Ab 1937 eroberte die japanische Armee den Nordosten Chinas bis hin zu den weiter südlich gelegenen Städten Shanghai und Nanjing, 1938 sogar die südchinesische Stadt Kanton (auch Guangzhou genannt). Gegen die chinesische Bevölkerung gingen die japanischen Invasoren mit unvorstellbarer Gewalt vor, was bis heute tiefe Spuren in der chinesischen Gesellschaft hinterlassen hat. Nach Ausbruch des Zweiten Weltkriegs verbündete sich Japan mit dem nationalsozialistischen Deutschland und Italien. Japan besetzte nach dem Rückzug von Franzosen und Holländern Indochina (das heutige Vietnam), Niederländisch-Indien (Vorläufer der Republik Indonesien), Malaysia, Myanmar (auch Birma genannt), Teile Neuguineas und die Philippinen.
Am 7. Dezember 1941 griffen japanische Kampfflugzeuge die in Pearl Harbour stationierte US-amerikanische Pazifikflotte an. Die USA nahmen diesen Vorfall zum Anlass, selbst aktiv in die Kriegshandlungen des Zweiten Weltkriegs einzugreifen. Im "Pazifikkrieg" wurde Japan anschließend immer weiter zurückgedrängt, bis es im August nach dem Abwurf der Atombomben über Hiroshima und Nagasaki im August des Jahres 1945 kapitulierte. Anschließend erklärte noch Russland den Krieg und annektierte die Kurilen. Nach dem Zweiten Weltkrieg war das japanische Staatsgebiet wieder auf eine Größe wie zum Ende des 19. Jahrhunderts zusammengeschrumpft.
Wiederaufbau und jüngere Geschichte
Nach dem Zweiten Weltkrieg war Japan ein völlig zerstörtes Land, welches langsam wieder aufgebaut werden musste. Japans Militärapparat wurde zunächst komplett abgeschafft, die "Kriegsverbrecher" stellte man vor Gericht - gegen mehrere hundert Offiziere wurde die Todesstrafe verhängt.
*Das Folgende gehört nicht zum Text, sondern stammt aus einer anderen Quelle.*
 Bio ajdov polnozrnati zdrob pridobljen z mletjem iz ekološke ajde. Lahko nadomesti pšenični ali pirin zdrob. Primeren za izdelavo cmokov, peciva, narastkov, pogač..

Die USA richteten militärische Stützpunkte in Japan ein und machten das Land zu einem strategischen Partner im Kalten Krieg mit der Sowjetunion. 1947 wurde eine neue Verfassung verabschiedet.
Mit der neuen Verfassung ist die politische und militärische Macht des japanischen Kaiser praktisch nicht mehr gegeben - er ist nur mehr Symbol des Staates. Die offizielle Besetzung Japans durch die Siegermächte des Zweiten Weltkriegs (organisiert durch den US-General Douglas MacArthur) endete im Jahr 1952 durch die Verabschiedung eines Friedensabkommens. Wie in Deutschland wurde eine neue Verteidigungsarmee aufgestellt, welche von den USA gelenkt wurde. Im "Koreakrieg" (1950 bis 1953) operierten die US-Streitkräfte von japanischem Boden aus.
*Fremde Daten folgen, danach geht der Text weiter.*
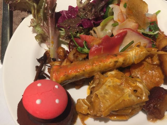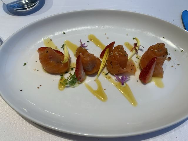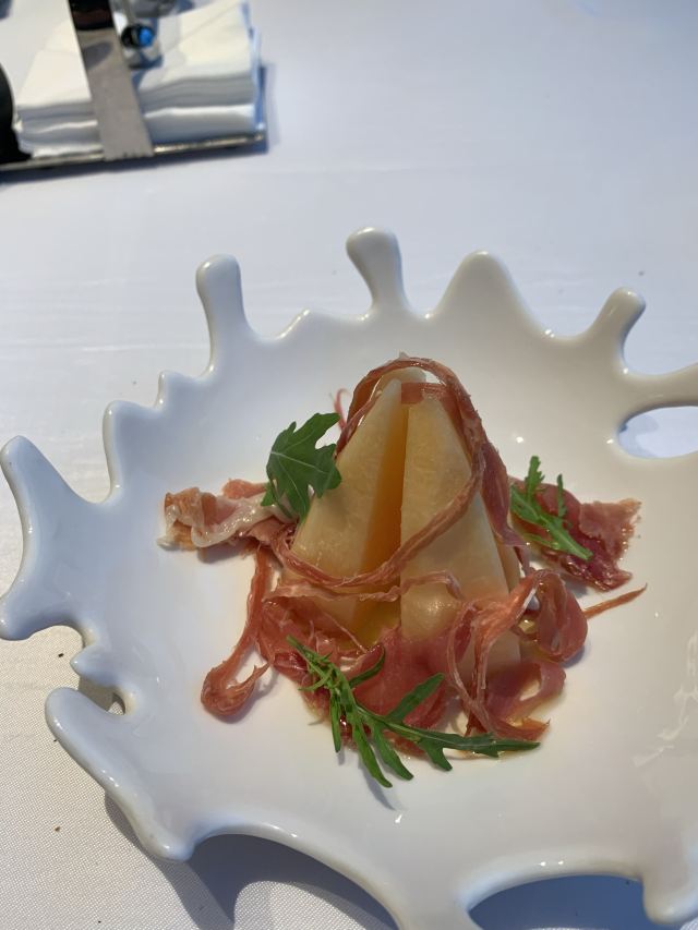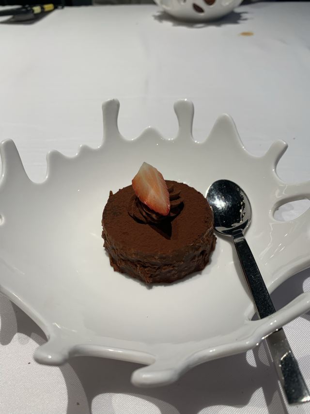 M5西冷,花椒布朗尼,西班牙火腿配蜜瓜,特制川香面包,甜菜头腌制三文鱼,菌菇汤

In den 1950er und 1960er Jahren kam es in Japan wieder zu einem starken Wirtschaftswachstum und zu einem schnellen Anstieg des Lebensstandards weiter Teile der Bevölkerung. 1973 wurde die japanische Wirtschaft durch die internationale Ölkrise stark getroffen, denn als rohstoffarmes aber stark industrialisiertes Land ist Japan vom Ölimport hochgradig abhängig. Trotzdem begann die Wirtschaft in den 1970er Jahren weiter zu wachsen.
Dieser Trend kehrte sich in den 1980er Jahren um. Die Aufwertung der japanischen Währung Yen gegenüber dem Dollar ab 1985 spielte bei dieser Umkehr eine Rolle. Das Platzen einer Spekulationsblase im Jahr 1990 führte zu einer folgenschweren Finanzkrise, welche sich in den 1990er Jahren zu einer politischen Krise ausweitete und die japanische Staatsverschuldung weiter in die Höhe schraubte. Erst im neuen Jahrtausend ist Japans wirtschaftliche Lage wieder stabiler.
Katastrophe nationalen Ausmaßes ereignete sich im März 2011, als infolge des Tohoku-Erdbebens am 11. März ein Tsunami die elektrische Versorgung des Atomkraftwerks Fukushima Daiichi beschädigte. Reaktorkerne und Brennstäbe konnten nicht mehr ausreichend gekühlt werden, so dass es zu einer Unfallserie mit mehreren Kernschmelzen kam. Mehrere zehntausend Menschen mussten "evakuiert" ("umgesiedelt") werden, die Natur ist in weitem Umkreis radioaktiv verstrahlt.